Endopeptidase of the brush border membrane of rat enterocyte. Separation from aminopeptidase and partial characterization.

The brush border of the enterocytes of the rat was isolated by the method of differential centrifugation with CaCl2 according to Schmitz. This material was solubilized with papain, trypsin and Triton X-100. The greatest amount of membrane enzymes was released to the supernatant (105 000 X g) with the use of Triton X-100. The tritonized supernatant was treated in the next step by papain, bromelain, ficin and trypsin (individually or in combinations). After simultaneous proteolysis with papain and bromelain a partial separation of the aminopeptidase from the endopeptidase by Sephadex G-200 chromatography was observed. These two enzyme activities were distinctly separated by isoelectric focusing at pH 4--6. Two enzymatically active bands (RF 0.13 and 0.24) in the aminopeptidase fraction and one single active band (RF 0.16) in the endopeptidase fraction using polyacrylamide gel electrophoresis were found. Co-migrating proteins to all of these activities were detected. Endopeptidase activity splits 3-carboxypropionyltrialanin-4-nitroanilide (SucAla3NAp) in the position P2-P1. Liberated aminoacyl-NAP may be further split to generate chromogenic 4-nitroaniline through aminopeptidase activity.
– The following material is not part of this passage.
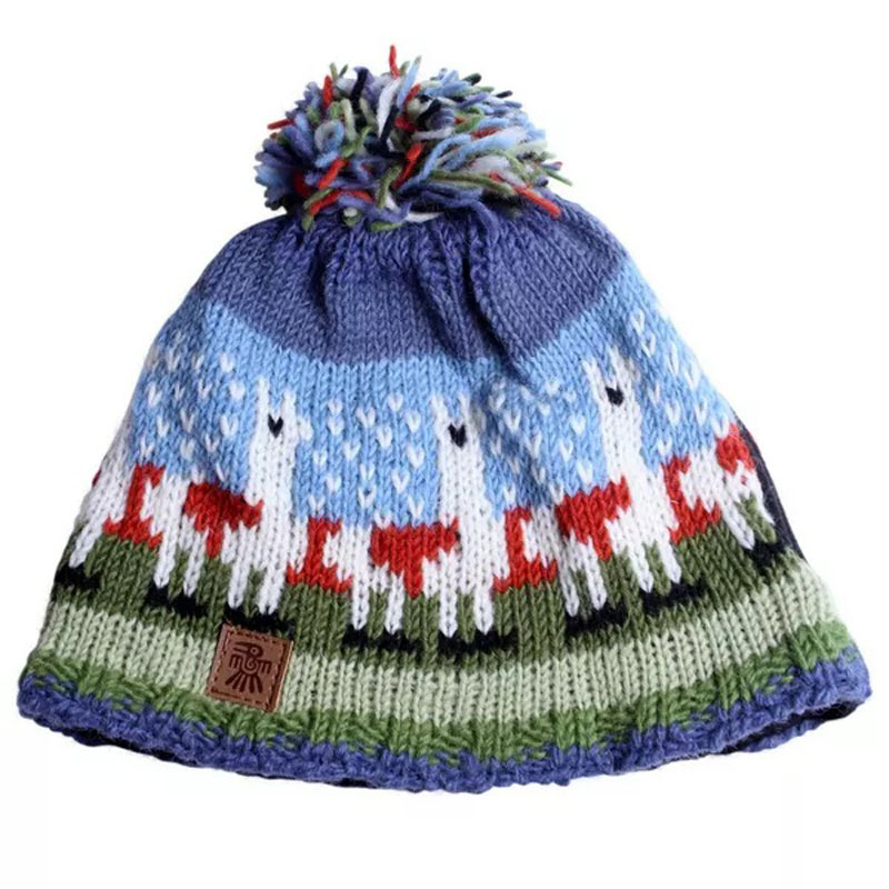 It features a row of Llamas on a blue & green knitted background finished with a matching bobble.

Endopeptidase of the brush border of the rat enterocytes is characterized by the following properties: 1) molecular mass 130000 +/- 15 000 dalton; 2) Km value (substrate: SucAla3NAp) 1.1 X 10(-3) M; 3) pI 5.23; 4) ph optimum 8.5; 5) 50% activity remains after 15 min of preincubation at 50 degrees C; 6) activity is strongly inhibited by EDTA, p-chloromercuribenzoate, Mn2 and Co2.